Task statement:
The answer must consist solely of the lines from the line with "วันที่ 22 กุมภาพันธ์" to the final line of the data below, reproduced exactly, pictures omitted.

Source data: Begin

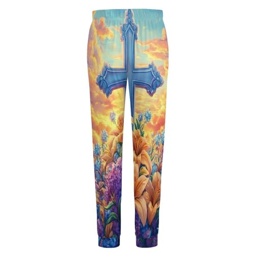 Crosss Flower Men's Pajamas Pants Lightweight Sleep Lounge Pant Pjs Bottoms Casual Sleepwear
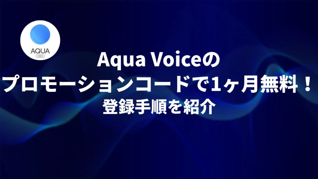 Aqua Voiceを始めるなら、少しでもお得に契約したいですよね。 実は、プロモーションコード(紹介リンク)を使えばPro版が1ヶ月無料で試せます。 この記事では、Aqua Voiceのプロモーションコードの入手方法から登録手順、利用時の注意点までをまとめて解... -
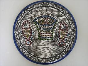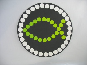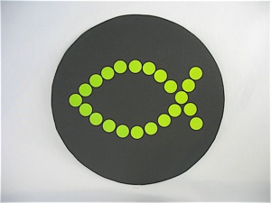 Imitate this mosaic plate that looks like a mosaic found on an ancient Roman floor. Provide black paper plates, or black construction paper circles (the smaller they are, the less time they will take to make!) Make a sample that the kids can follow, and simplify it to make it a quicker project--only one fish, use bigger stickers, or don’t fill in the empty spaces. Provide several colors of dot stickers found in office supply stores and dollar stores. Draw an outline of the fish so the kids know where to put the stickers. If they do fill in the spaces, there will be some spaces that are not big enough for whole stickers. Encourage the kids to overlap dots that are the same color to fill these spaces rather than cutting the stickers to fit.
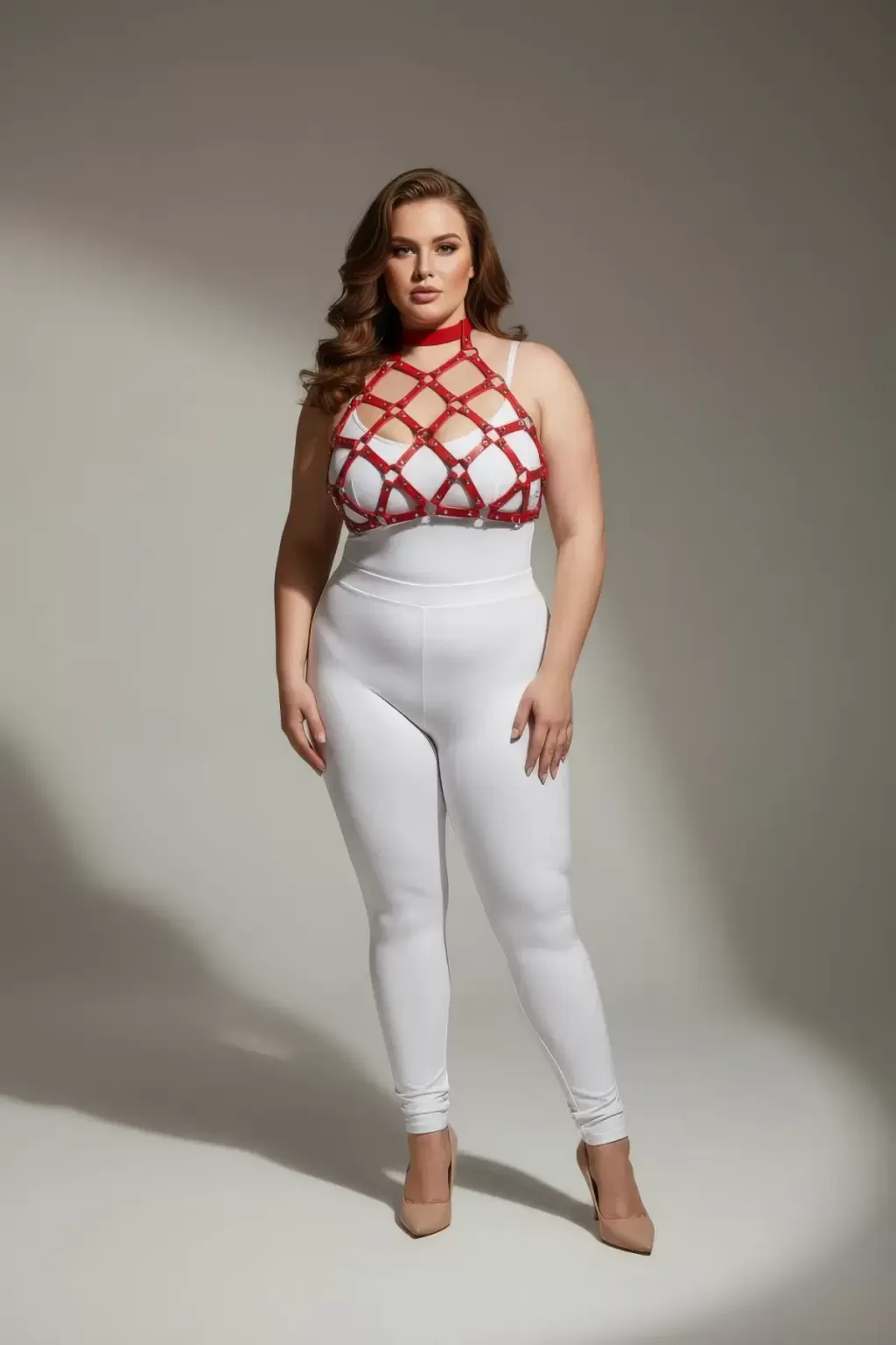Büyük Beden Kırmızı Kadın Deri Harness Takım Çivi Detaylı Şık Aksesuar - APFT443
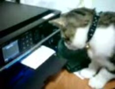 年賀状のお手伝いをする猫
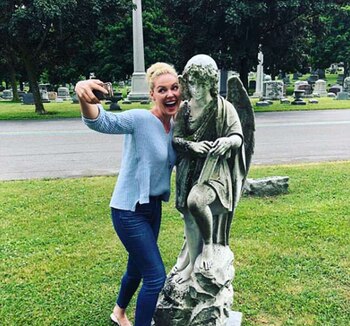 Katherine Heigl tuvo que salir a pedir disculpas por posar en unas divertidas selfies en el cementerio mientras visitaba la tumba de su hermano en Buffalo, Nueva York.
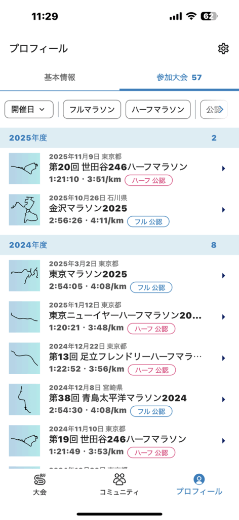 自分自身の年間の活動状況を俯瞰的に把握したり、他ランナーの大会参加ペースを参考にしたり、いろいろと役立てるかと思います。是非、活用ください。
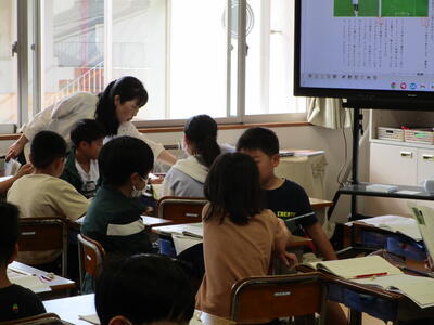 また、1年生では「国語」や「算数」の授業が行われていました。1年生も5月になり各教科の授業が進められています。手をまっすぐにあげたり、本を読む姿勢を意識したりしながら、積極的に学習に取り組んでいます。また、算数ではドリル問題に取り組み、先生に丸をもらっていました。
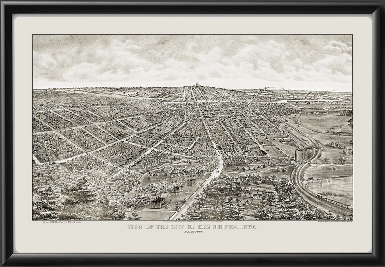 Restored bird’s eye view map of Des Moines, Iowa, 1886 by Mills & Co.
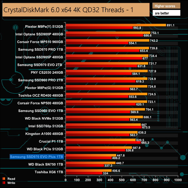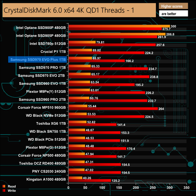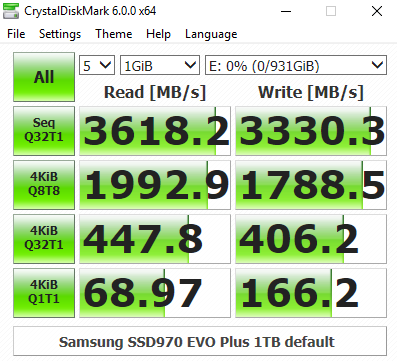 The SSD970 EVO Plus seems to struggle with the 4K QD32 test of CrystalDiskMark, falling way behind the original SSD970 EVO for both reads and writes.
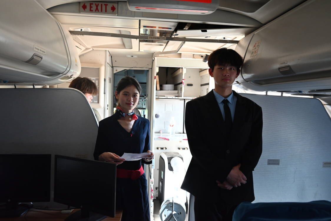 活动当天,飞机维修专业负责人连亮给同学们讲解了飞行的基本原理、航空历史、飞机结构等知识,空乘专业的同学现场展示了空乘礼仪、安全检查操作等,讲解员志愿者们带领同学们走进空客A320客舱、驾驶舱进行参观和体验。“这真是一次超棒的体验。”“今天我好像也当了一回飞行员。”22民航安全三班学生汪欣激动地说。
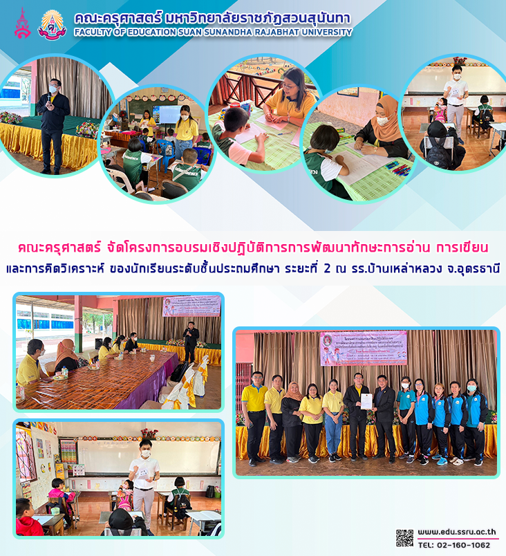 วันที่ 22 กุมภาพันธ์ 2566 คณะครุศาสตร์ มหาวิทยาลัยราชภัฏสวนสุนันทา นำโดย อาจารย์วีรพจน์ รัตนวาร รองคณบดีฝ่ายบริหาร พร้อมกับคณาจารย์คณะครุศาสตร์ จัดโครงการอบรมเชิงปฏิบัติการการพัฒนาทักษะการอ่าน การเขียน และการคิดวิเคราะห์ ของนักเรียนระดับชั้นประถมศึกษา สังกัด สพฐ. ในเขตพื้นที่จังหวัดอุดรธานี ระยะที่ 2 ณ โรงเรียนบ้านเหล่าหลวง จังหวัดอุดรธานี
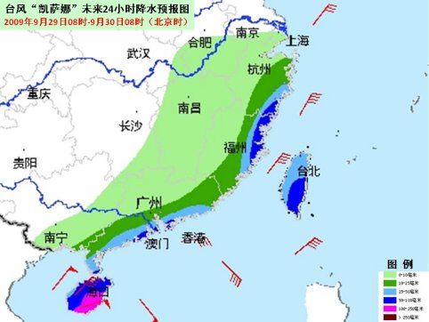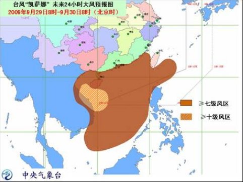 受“凱薩娜”及其外圍云系的影響,29日白天到夜間,南海大部海面、北部灣海面、瓊州海峽、海南沿海、廣西沿海將有7~9級大風,“凱薩娜”中心經(jīng)過的附近海面或地區(qū)的風力將有10~13級大風,陣風可達14~16級;巴士海峽、巴林塘海峽、臺灣海峽、臺灣以東海面、廣東沿海、福建中南部沿海也將有6~7級大風,陣風可達8~9級;浙江東南部、福建東部、臺灣、廣東南部、海南等地有大雨或暴雨,海南南部的局部地區(qū)有大暴雨或特大暴雨。
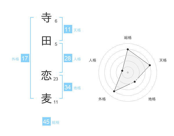 寺田 恋麦さんを姓名の画数から五運を鑑定

Source data: End

Solution to this exercise:
 วันที่ 22 กุมภาพันธ์ 2566 คณะครุศาสตร์ มหาวิทยาลัยราชภัฏสวนสุนันทา นำโดย อาจารย์วีรพจน์ รัตนวาร รองคณบดีฝ่ายบริหาร พร้อมกับคณาจารย์คณะครุศาสตร์ จัดโครงการอบรมเชิงปฏิบัติการการพัฒนาทักษะการอ่าน การเขียน และการคิดวิเคราะห์ ของนักเรียนระดับชั้นประถมศึกษา สังกัด สพฐ. ในเขตพื้นที่จังหวัดอุดรธานี ระยะที่ 2 ณ โรงเรียนบ้านเหล่าหลวง จังหวัดอุดรธานี
 受“凱薩娜”及其外圍云系的影響,29日白天到夜間,南海大部海面、北部灣海面、瓊州海峽、海南沿海、廣西沿海將有7~9級大風,“凱薩娜”中心經(jīng)過的附近海面或地區(qū)的風力將有10~13級大風,陣風可達14~16級;巴士海峽、巴林塘海峽、臺灣海峽、臺灣以東海面、廣東沿海、福建中南部沿海也將有6~7級大風,陣風可達8~9級;浙江東南部、福建東部、臺灣、廣東南部、海南等地有大雨或暴雨,海南南部的局部地區(qū)有大暴雨或特大暴雨。
 寺田 恋麦さんを姓名の画数から五運を鑑定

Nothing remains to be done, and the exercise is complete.